══ Listed entries ══

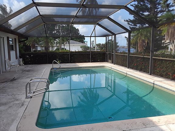 Location, Location...Sailboat access located at the mouth of the canal to the River in the Yacht Club on a cul-de-sac street. Mature home with two bedrooms, two baths, and an office/den/bonus room! Screened pool and lanai with electric shutters to close off the under truss lanai. Two Car garage with laundry in the garage including a washer and dryer. City water and sewer. Lawn and Pool service are included in the rent!! Nothing to do but relax in the pool and enjoy the waterfront
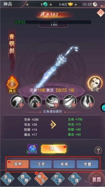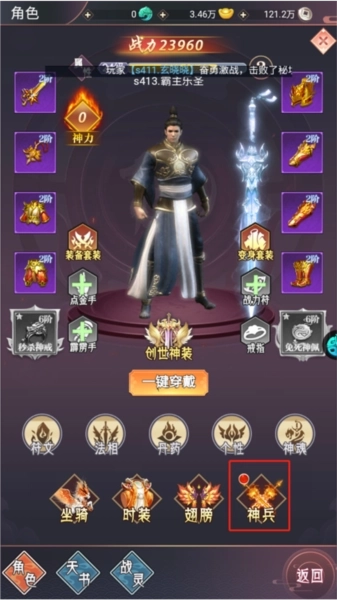 2、在角色界面下方有一个神兵按钮,点击进入;
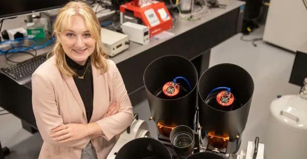 Grace Halferty, lead author of the paper, with the photometry instrument she and others help to build.
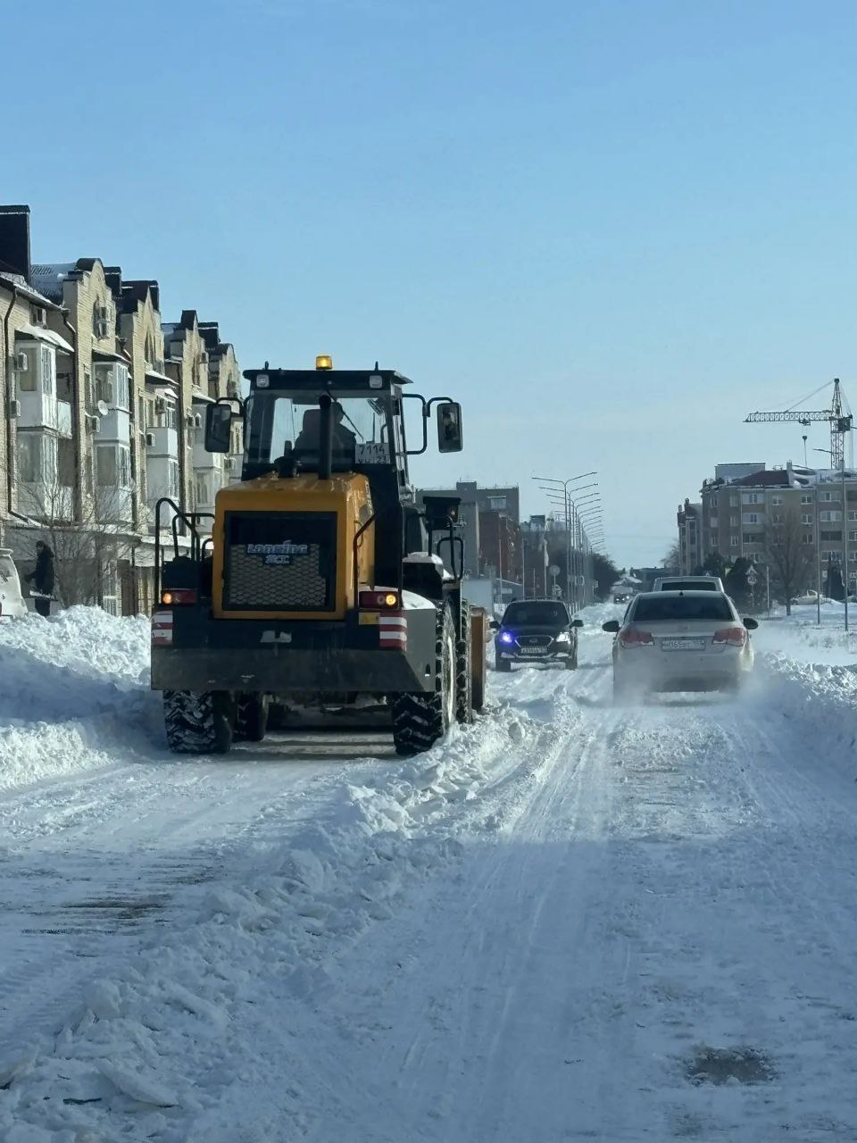 Последствия обильного снегопада с сильным ветром, который шёл в Ейске весь понедельник, коммунальщики и дорожники начали устранять ещё с вечера, как только осадки прекратились.
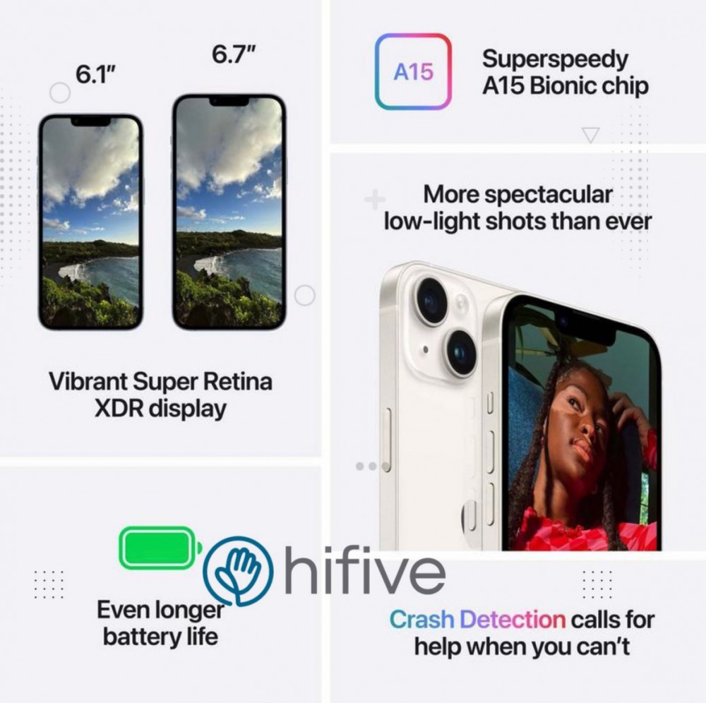 - شريحة A15 بايونك مع وحدة معالجة رسومات غرافيك خماسية النوى لأداء فائق السرعة شبكة 5G فائقة السرعة للاتصال الخلوي

═══

### Aim of the task
Leave out the pictures and repeat exactly the lines from the one containing "Grace Halferty, lead" through the last line of the entries.

### Exercise output
 Grace Halferty, lead author of the paper, with the photometry instrument she and others help to build.
 Последствия обильного снегопада с сильным ветром, который шёл в Ейске весь понедельник, коммунальщики и дорожники начали устранять ещё с вечера, как только осадки прекратились.
 - شريحة A15 بايونك مع وحدة معالجة رسومات غرافيك خماسية النوى لأداء فائق السرعة شبكة 5G فائقة السرعة للاتصال الخلوي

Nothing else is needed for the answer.